Classes are the building blocks of your java application. If these blocks are not strong, your building (i.e. application) is going to face the tough time in future. This essentially means that not so well-written can lead to very difficult situations when the application scope goes up or application faces certain design issues either in production or maintenance.

In this article, I will list down most recommended design principles that you should keep in mind, while writing your classes. These design principles are called SOLID, in short. These principles Make easy for a programmer to develop software that are easy to maintain and extend. They also make it easy for developers to easily refactor code, avoid code smells and are also a part of the agile or adaptive software development.

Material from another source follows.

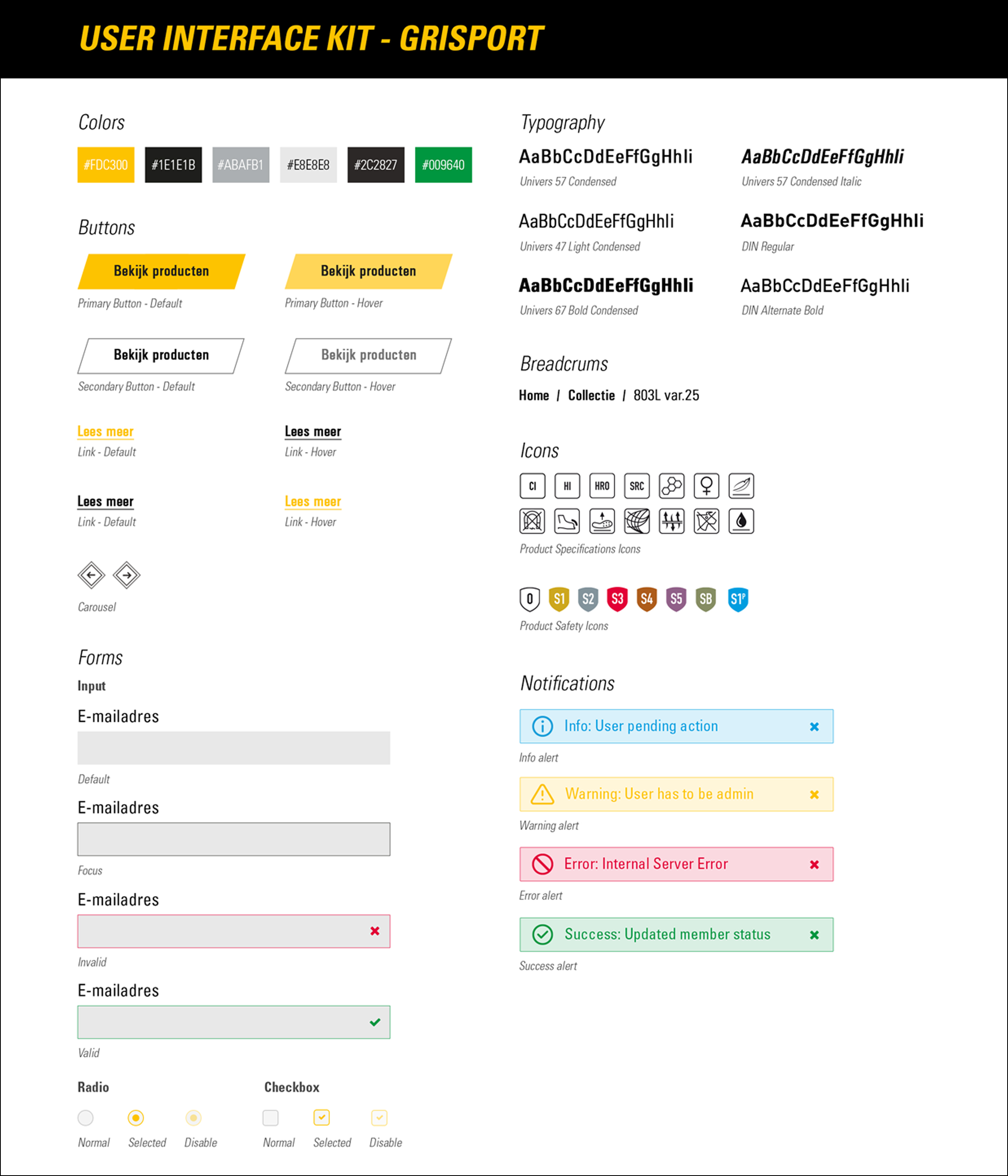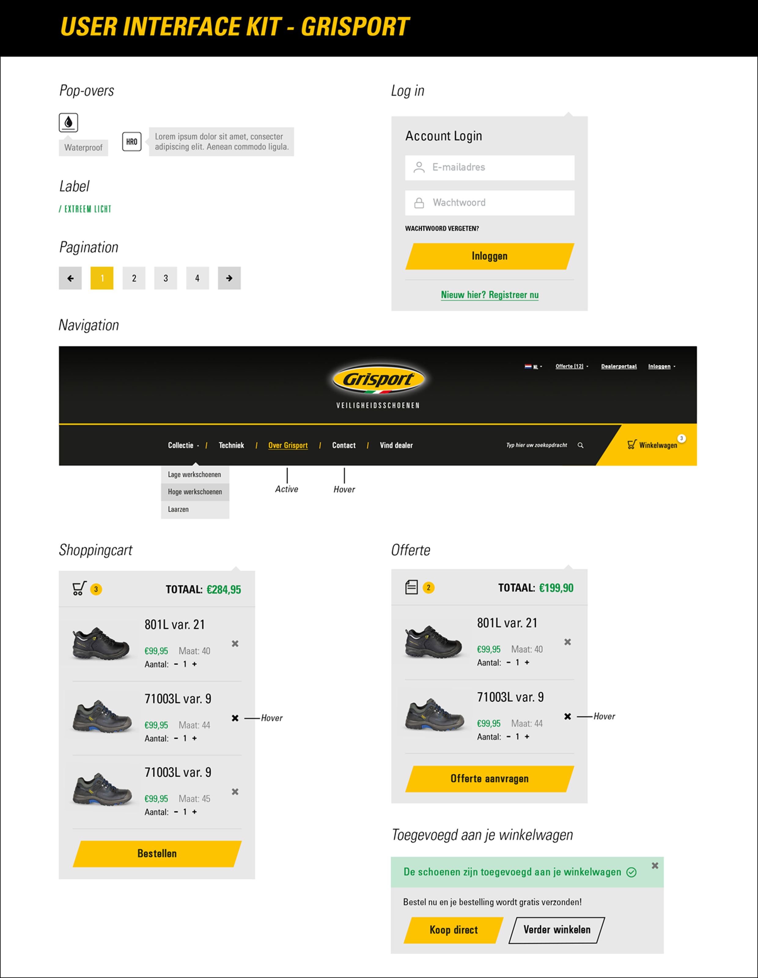 Voor Grisport heb ik een User Interface Kit in Adobe Photoshop gemaakt. Hierin staan alle UI elementen die de Front-End Developer nodig heeft bij het bouwen. De kleuren, typografie en meeste buttons waren al terug te zien in het ontwerp op de homepagina. In het UI Kit zijn nieuwe elementen te zien die ik heb vormgegeven. Zoals het winkelwagentje, account log in, offerte aanvraag en formulieren.

SOLID design principles are :


S - Single-responsiblity principle
O - Open-closed principle
L - Liskov substitution principle
I - Interface segregation principle
D - Dependency Inversion Principle


S - Single-responsiblity principle

Making sure that a class has a single responsibility makes it per default also easier to see what it does and how you can extend/improve it.
Classes that are hard to unit test are often breaking SRP.
"One class should have one and only one responsibility."




Open-closed principle

Open/Closed principle says that a class should be open for extension but closed for modification. Which means that you can add new features through inheritance but should not change the existing classes (other than bug fixes).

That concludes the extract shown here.